What is striking about this material to the modern reader is the disparate treatment of men and women with respect to these solemn commitments. When a man made a vow or took an oath, he was required to “carry out all that . . . crossed his lips” (Numbers 30:3). While women were empowered to make vows and oaths, these could be abrogated by the male authority figure in their lives if he renounced the commitment upon first learning of it. In the case of a minor, unmarried daughter still living “in her father’s household” (30:4), it was her father who held that power. Likewise, a husband could annul the vow or oath of a woman he marries “while her vow or the commitment to which she bound herself is still in force” or who makes such a promise after they marry. If the husband invalidates his wife’s vow or oath thereafter he, rather than she, bears the guilt attendant upon the annulment. Only the sacred undertakings of widows and divorcees, who had no male authority figure to whom they were subordinate, were held to be binding.

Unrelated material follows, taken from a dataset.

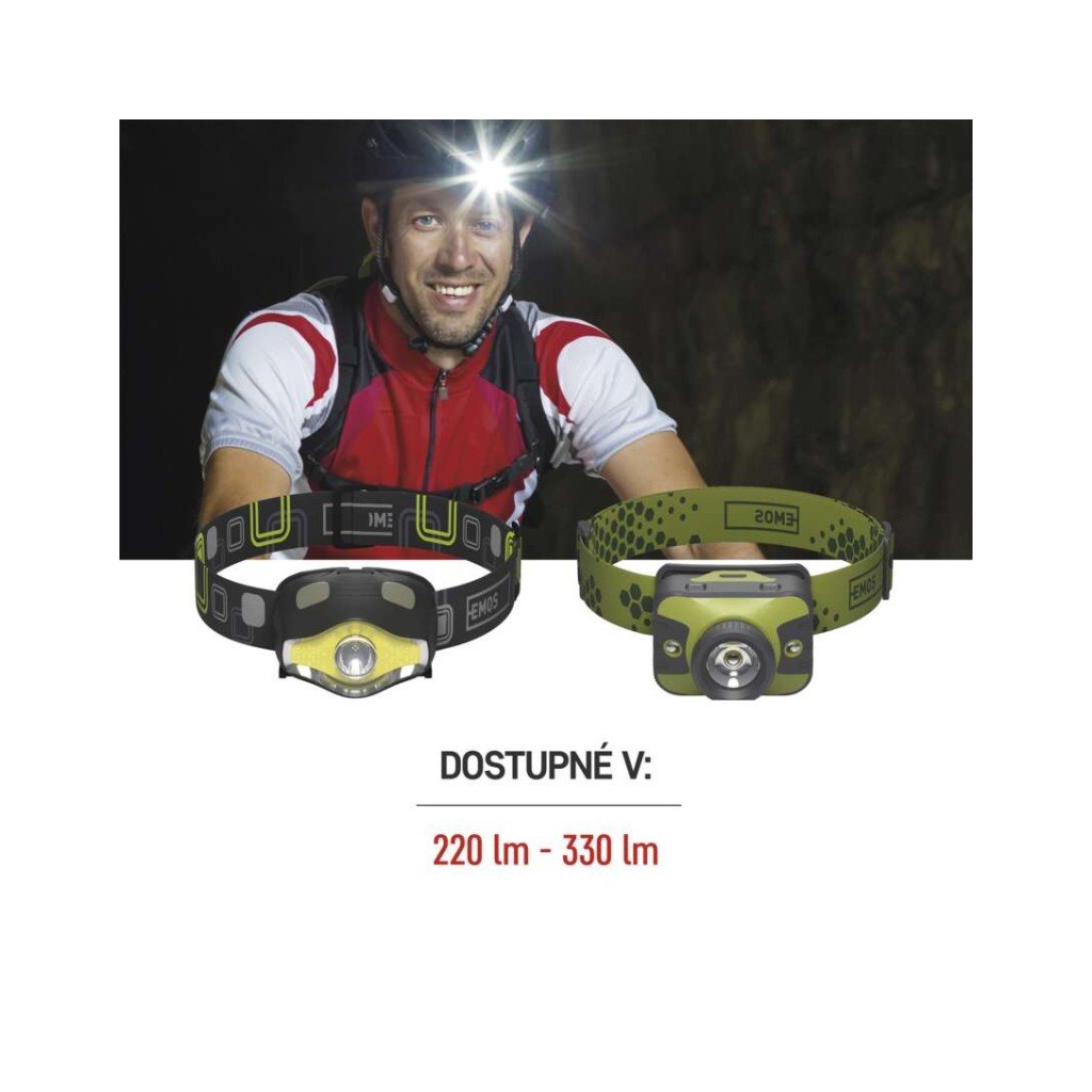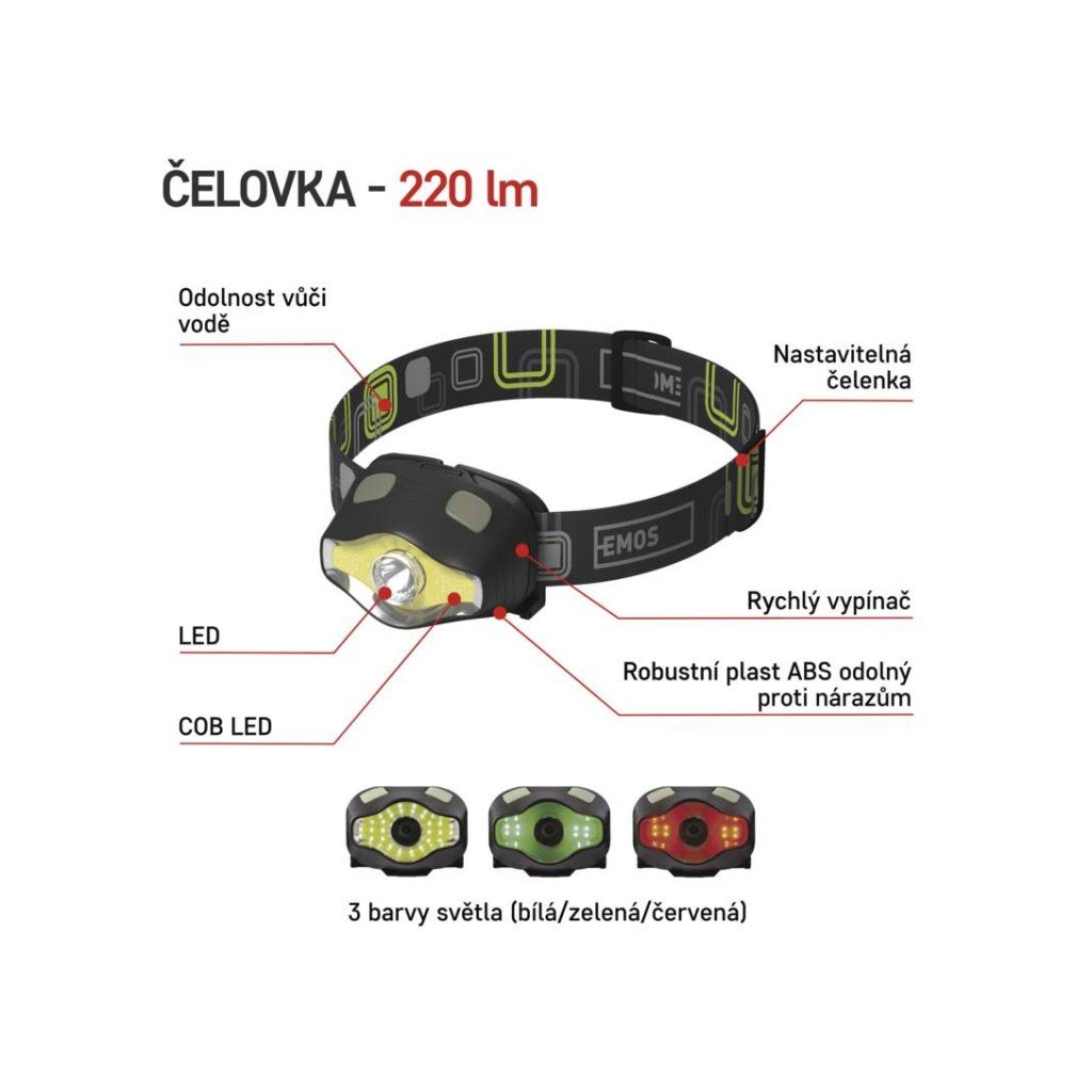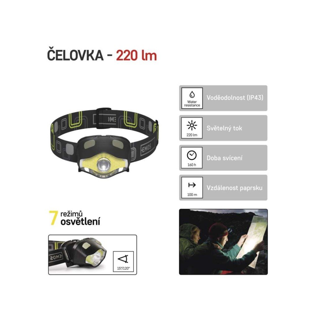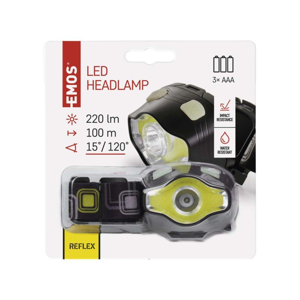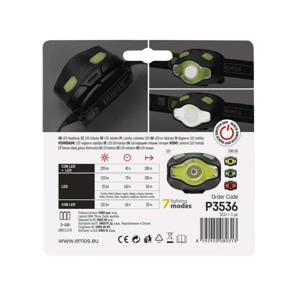 COB LED + LED čelovka P3536, 220 lm, 100 m, 3× AAA EMOS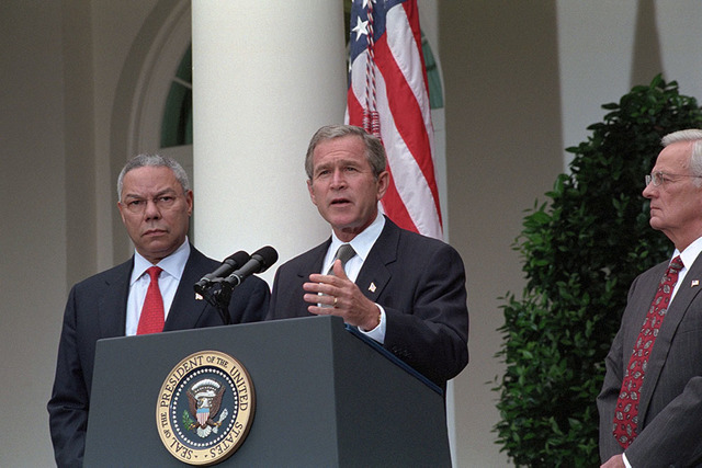 George W Bush använder frasen ”krig mot terrorismen” för första gången.

The disparity in treatment of men’s and women’s vows and oaths exemplifies the secondary legal and social status of females in biblical legislation, an inequality that persisted throughout the postbiblical and Rabbinic periods, and has yet to be fully eradicated even in our egalitarian era. From the perspective of modernity, no effort at apologetics can negate the injustice. That said, when we encounter a problematic biblical text, intellectual and moral honesty require that we contextualize the offending provisions. The subordination of women was universal in ancient times and it remains the norm in much of the world today. It hardly seems fair to judge the social structure of antiquity or the medieval period by contemporary standards. What strikes me as remarkable in the Jewish tradition’s treatment of women is not the inequalities but the instances of same treatment regardless of gender, and those that take a progressive approach to the needs and problems of women.